- _WORK TO BE COMPLETED_: Go through the entries below and copy every line that holds the word "pink".

- _AVAILABLE RECORDS_:
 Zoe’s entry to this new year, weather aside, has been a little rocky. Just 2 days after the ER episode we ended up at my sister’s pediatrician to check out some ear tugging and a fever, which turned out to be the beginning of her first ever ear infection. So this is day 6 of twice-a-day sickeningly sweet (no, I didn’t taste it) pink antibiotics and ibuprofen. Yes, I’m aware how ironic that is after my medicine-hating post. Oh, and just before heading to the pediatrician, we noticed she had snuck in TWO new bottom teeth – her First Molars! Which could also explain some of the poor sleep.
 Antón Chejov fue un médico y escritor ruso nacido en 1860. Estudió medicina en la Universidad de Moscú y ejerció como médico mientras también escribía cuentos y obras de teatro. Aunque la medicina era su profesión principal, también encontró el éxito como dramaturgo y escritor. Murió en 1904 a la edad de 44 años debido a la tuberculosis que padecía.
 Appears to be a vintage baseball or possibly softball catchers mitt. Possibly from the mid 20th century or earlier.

* * *

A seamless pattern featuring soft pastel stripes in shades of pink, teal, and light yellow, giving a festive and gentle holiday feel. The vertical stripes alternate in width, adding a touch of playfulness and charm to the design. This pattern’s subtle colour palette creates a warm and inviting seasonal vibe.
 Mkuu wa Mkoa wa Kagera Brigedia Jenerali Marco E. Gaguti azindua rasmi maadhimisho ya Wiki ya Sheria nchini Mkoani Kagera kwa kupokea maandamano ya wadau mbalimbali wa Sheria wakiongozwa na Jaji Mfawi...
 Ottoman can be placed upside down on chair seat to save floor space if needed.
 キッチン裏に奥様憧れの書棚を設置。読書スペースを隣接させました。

- _RESPONSE AREA_:
 Zoe’s entry to this new year, weather aside, has been a little rocky. Just 2 days after the ER episode we ended up at my sister’s pediatrician to check out some ear tugging and a fever, which turned out to be the beginning of her first ever ear infection. So this is day 6 of twice-a-day sickeningly sweet (no, I didn’t taste it) pink antibiotics and ibuprofen. Yes, I’m aware how ironic that is after my medicine-hating post. Oh, and just before heading to the pediatrician, we noticed she had snuck in TWO new bottom teeth – her First Molars! Which could also explain some of the poor sleep.
A seamless pattern featuring soft pastel stripes in shades of pink, teal, and light yellow, giving a festive and gentle holiday feel. The vertical stripes alternate in width, adding a touch of playfulness and charm to the design. This pattern’s subtle colour palette creates a warm and inviting seasonal vibe.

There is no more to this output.